▶ [What the exercise asks]: No pictures are to be included when the entries below are reproduced exactly.

▶ [Dataset records]:
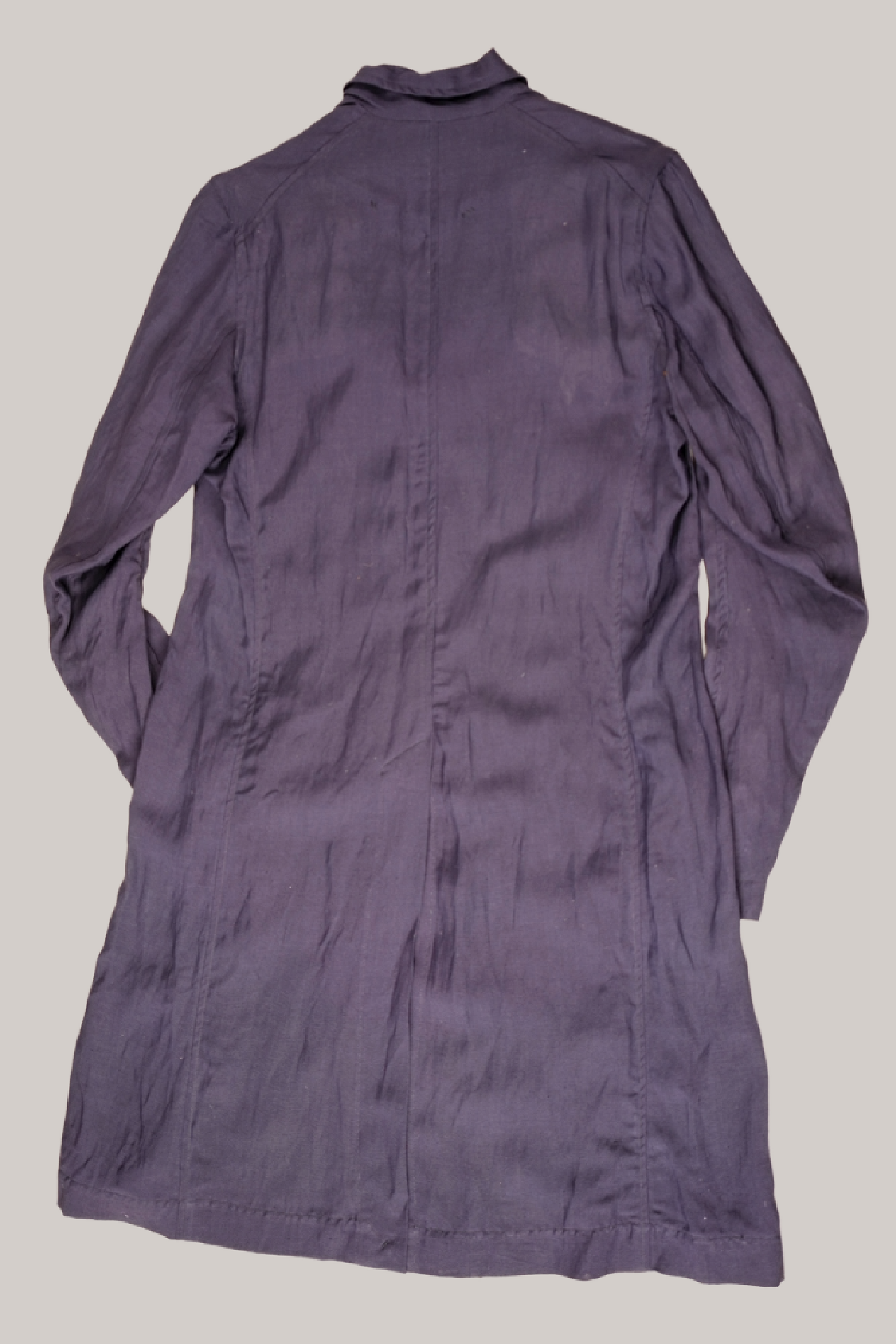 Crafted from light-weight 100% linen, the coat moves with a quiet fluidity, its raw details whispering of time spent in the hands of its maker. Every stitch, bound with tape and meticulously finished, is a deliberate act of exposure—a reminder that imperfection is not to be concealed, but revered.
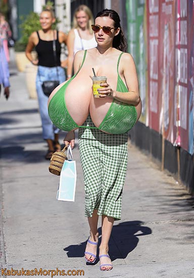 Breasts expansion morph samples of cute redhead Emma Stone flopping her giant naked tits out in public.
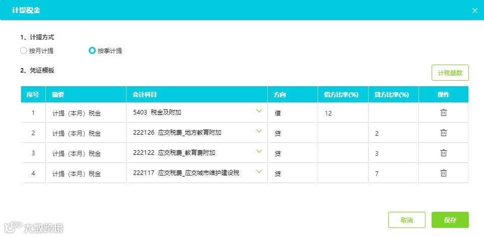小规模按季计提税金
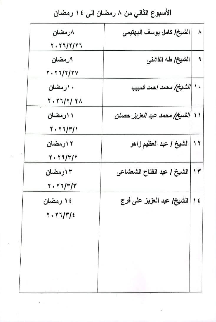 قرآن المغرب..عبر أثير إذاعة القرآن الكريم، يتلو الشيخ عبد العزيز علي فرج قرآن المغرب، اليوم الأربعاء، الموافق الرابع عشر من شهر رمضان المبارك، الموافق 4 من مارس 2026 م، والتلاوة لما يتيسر من سورة البقرة ومدتها 41 دقيقة.
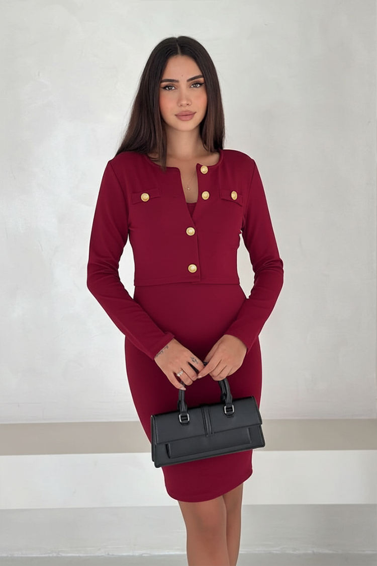 - Sukienka ma dopasowany krój i krótką długość, a żakiet jest zapinany na guziki i ma skróconą długość.
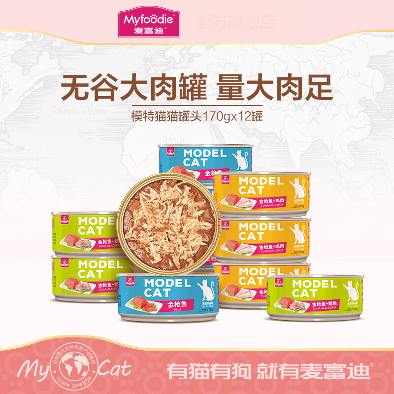 麦富迪(Myfoodie)猫罐头猫零食湿粮猫咪零食罐头成幼猫补充营养170g*12整箱 混合口味 12罐
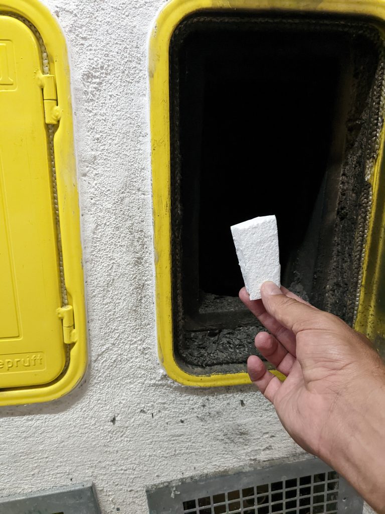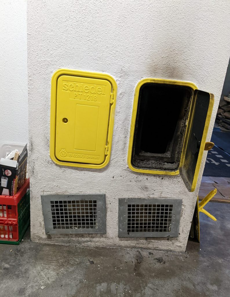 Obere Tür des Ofens öffnen, mit dem Blechschaber (rechts neben dem Ofen zu finden) die Asche durch den Gitterrost in den darunter liegenden Auffangbehälter schieben, Anzündwürfel – erneut ein ca. 3×3 cm großes Stück – anzünden und reinwerfen. Anschließend Holz in den Ofen legen und obere Ofentür schließen.
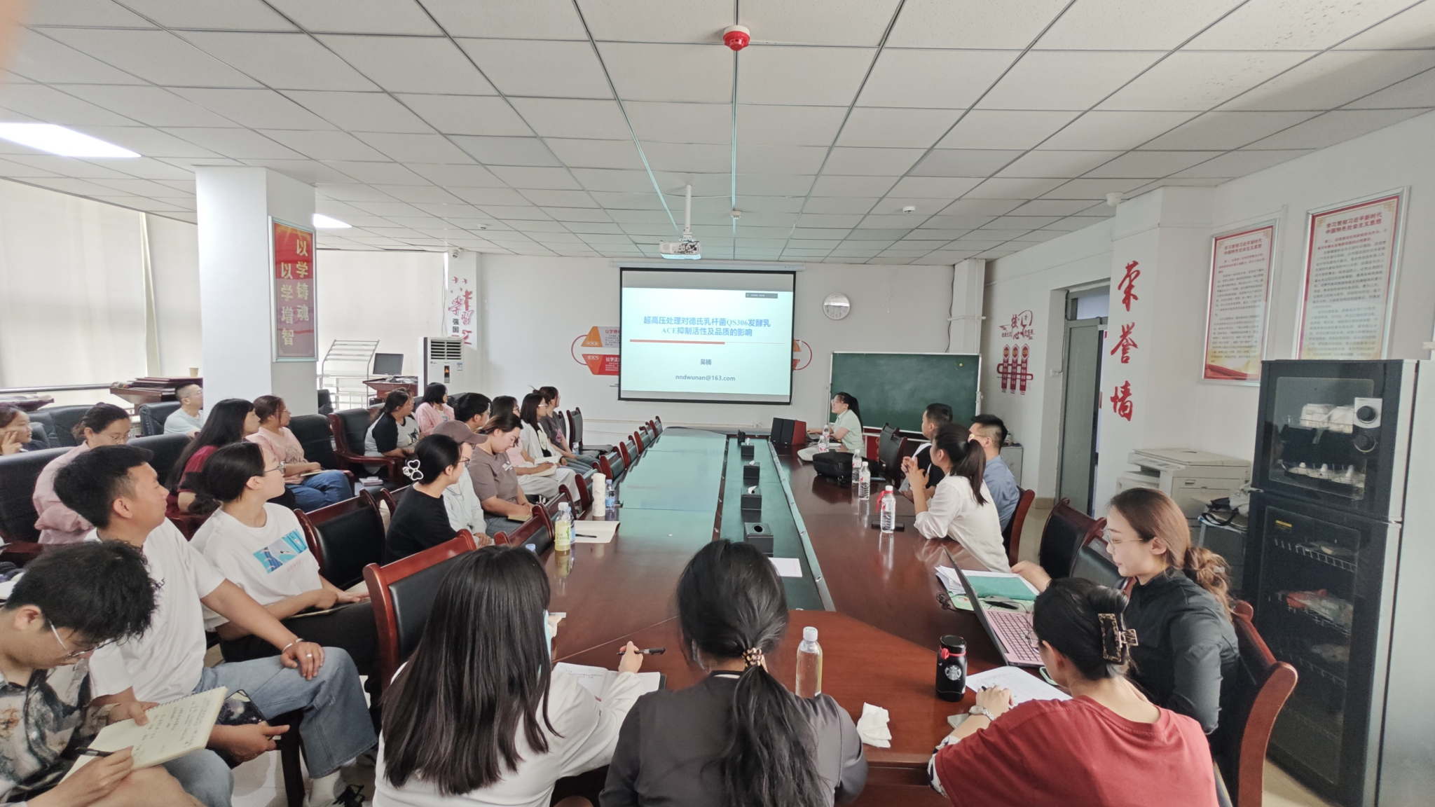 期间,报告人分别围绕超高压处理对乳杆菌QS306发酵乳ACE抑制活性及品质的影响、微杆菌MZT7降解17β-雌二醇作用机制初探、大豆TNL-ID类R基因的鉴定及抗病毒功能研究、乳杆菌噬菌体的诱导功能基因表达及与宿主菌的相互作用等内容进行了讲述,并与师生进行了深入交流。
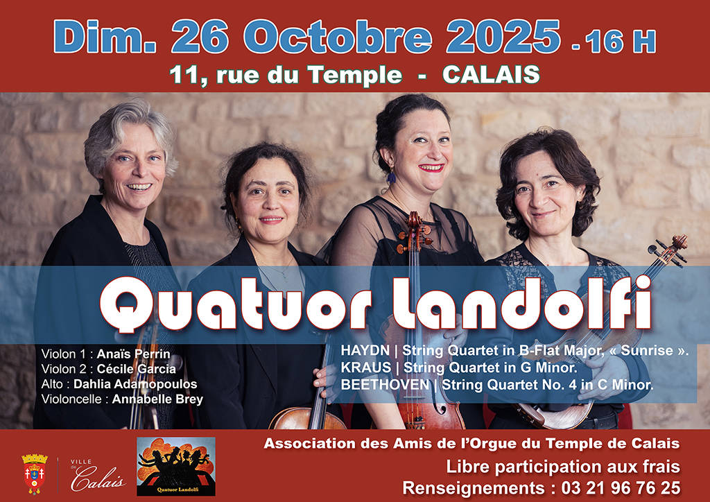Le dimanche 26 octobre 2025, 16h, au temple de Calais, concert du Quatuor Landolfi qui
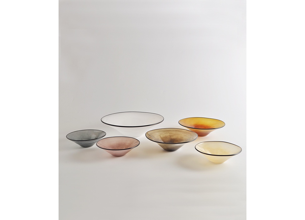 一つ一つ吹き落とされたように、その輪郭や濃淡が異なり、ふと手に取った瞬間、差し込む光の角度によってその表情が楽しめるうつわです。
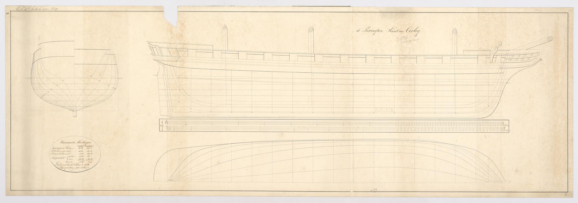 Zijaanzicht, spantenraam en waterlijnen van het korvet Lexington van 26 stukken. Afmetingen van het schip 38.76 x 10.22 x 5.03 el.
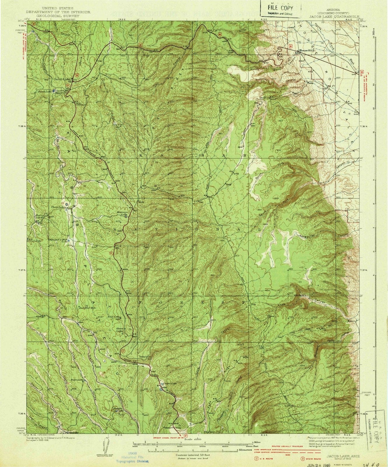 1940 Jacob Lake, AZ - Arizona - USGS Topographic Map
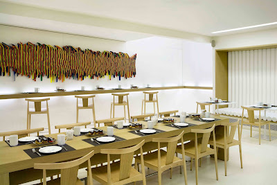 El mobiliario se complementa con detalles como las fotografías del artista Carles Roig, que se han colocado sobre los cabezales de las camas y que reproducen originales imágenes de peces sobre un fondo de madera. O en el comedor, que también se utiliza como sala multifuncional para acoger pequeñas reuniones o encuentros profesionales, llama la atención la insólita escultura del artista Xavier Escribá que preside la pared frontal y que imprime vitalidad y color a la sala.
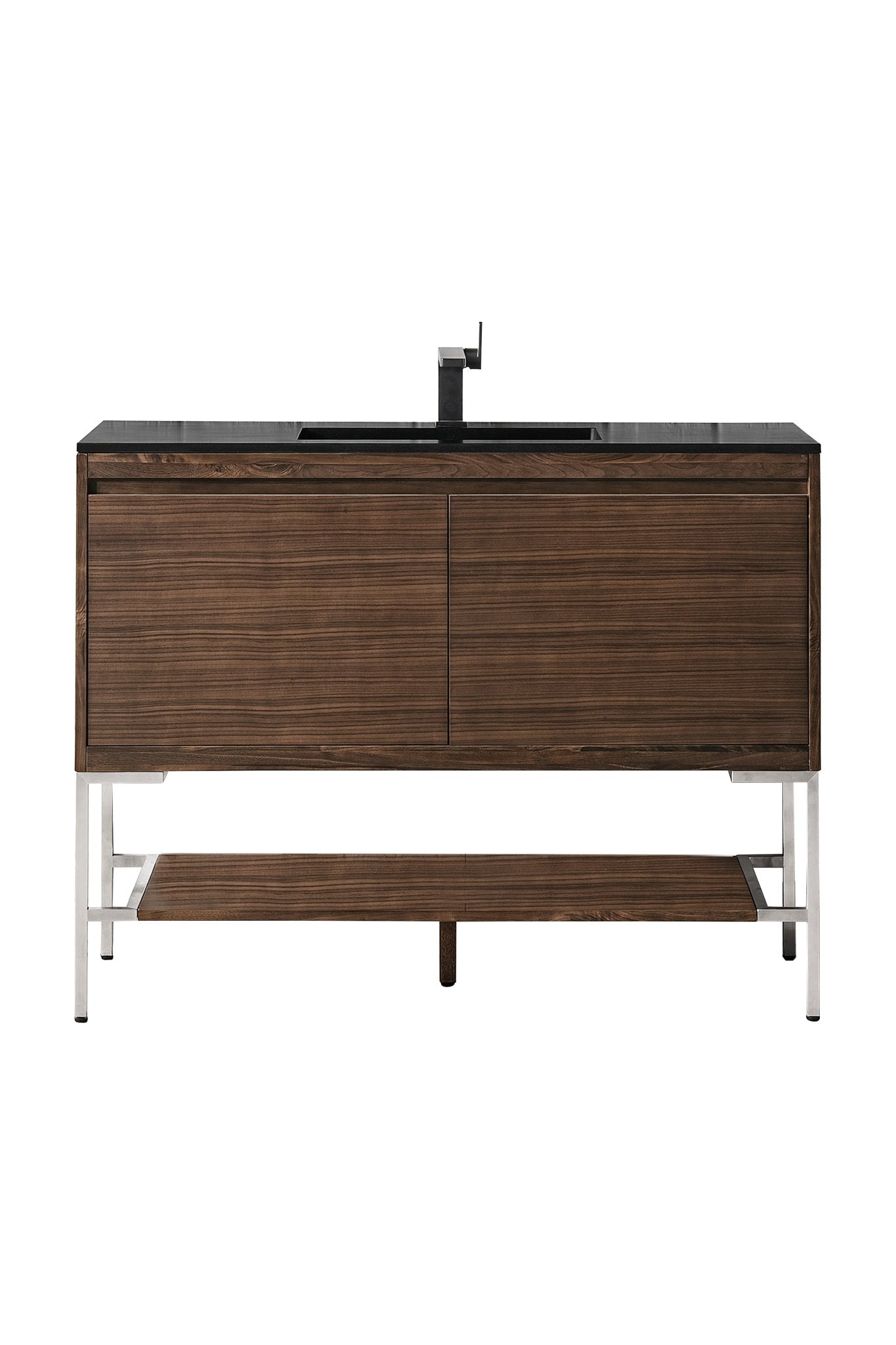 The Mantova 47.3” Mid-Century Walnut Single Vanity by James Martin Vanities will elevate your space by adding a touch of timeless décor to your bathroom. This vanity combines a cutting-edge design with pristine craftmanship to bring your bathroom a clean modern look providing you with both style and functionality. Generous storage features include soft-close drawers with one removable drawer organizer. The look is completed with Brushed Nickel finished Stainless Steel Base and a Charcoal Black Composite Stone integrated top and sink.

▶ [Response to the exercise]:
 Crafted from light-weight 100% linen, the coat moves with a quiet fluidity, its raw details whispering of time spent in the hands of its maker. Every stitch, bound with tape and meticulously finished, is a deliberate act of exposure—a reminder that imperfection is not to be concealed, but revered.
 Breasts expansion morph samples of cute redhead Emma Stone flopping her giant naked tits out in public.
小规模按季计提税金
 قرآن المغرب..عبر أثير إذاعة القرآن الكريم، يتلو الشيخ عبد العزيز علي فرج قرآن المغرب، اليوم الأربعاء، الموافق الرابع عشر من شهر رمضان المبارك، الموافق 4 من مارس 2026 م، والتلاوة لما يتيسر من سورة البقرة ومدتها 41 دقيقة.
 - Sukienka ma dopasowany krój i krótką długość, a żakiet jest zapinany na guziki i ma skróconą długość.
 麦富迪(Myfoodie)猫罐头猫零食湿粮猫咪零食罐头成幼猫补充营养170g*12整箱 混合口味 12罐
 Obere Tür des Ofens öffnen, mit dem Blechschaber (rechts neben dem Ofen zu finden) die Asche durch den Gitterrost in den darunter liegenden Auffangbehälter schieben, Anzündwürfel – erneut ein ca. 3×3 cm großes Stück – anzünden und reinwerfen. Anschließend Holz in den Ofen legen und obere Ofentür schließen.
 期间,报告人分别围绕超高压处理对乳杆菌QS306发酵乳ACE抑制活性及品质的影响、微杆菌MZT7降解17β-雌二醇作用机制初探、大豆TNL-ID类R基因的鉴定及抗病毒功能研究、乳杆菌噬菌体的诱导功能基因表达及与宿主菌的相互作用等内容进行了讲述,并与师生进行了深入交流。
Le dimanche 26 octobre 2025, 16h, au temple de Calais, concert du Quatuor Landolfi qui
 一つ一つ吹き落とされたように、その輪郭や濃淡が異なり、ふと手に取った瞬間、差し込む光の角度によってその表情が楽しめるうつわです。
 Zijaanzicht, spantenraam en waterlijnen van het korvet Lexington van 26 stukken. Afmetingen van het schip 38.76 x 10.22 x 5.03 el.
 1940 Jacob Lake, AZ - Arizona - USGS Topographic Map
 El mobiliario se complementa con detalles como las fotografías del artista Carles Roig, que se han colocado sobre los cabezales de las camas y que reproducen originales imágenes de peces sobre un fondo de madera. O en el comedor, que también se utiliza como sala multifuncional para acoger pequeñas reuniones o encuentros profesionales, llama la atención la insólita escultura del artista Xavier Escribá que preside la pared frontal y que imprime vitalidad y color a la sala.
 The Mantova 47.3” Mid-Century Walnut Single Vanity by James Martin Vanities will elevate your space by adding a touch of timeless décor to your bathroom. This vanity combines a cutting-edge design with pristine craftmanship to bring your bathroom a clean modern look providing you with both style and functionality. Generous storage features include soft-close drawers with one removable drawer organizer. The look is completed with Brushed Nickel finished Stainless Steel Base and a Charcoal Black Composite Stone integrated top and sink.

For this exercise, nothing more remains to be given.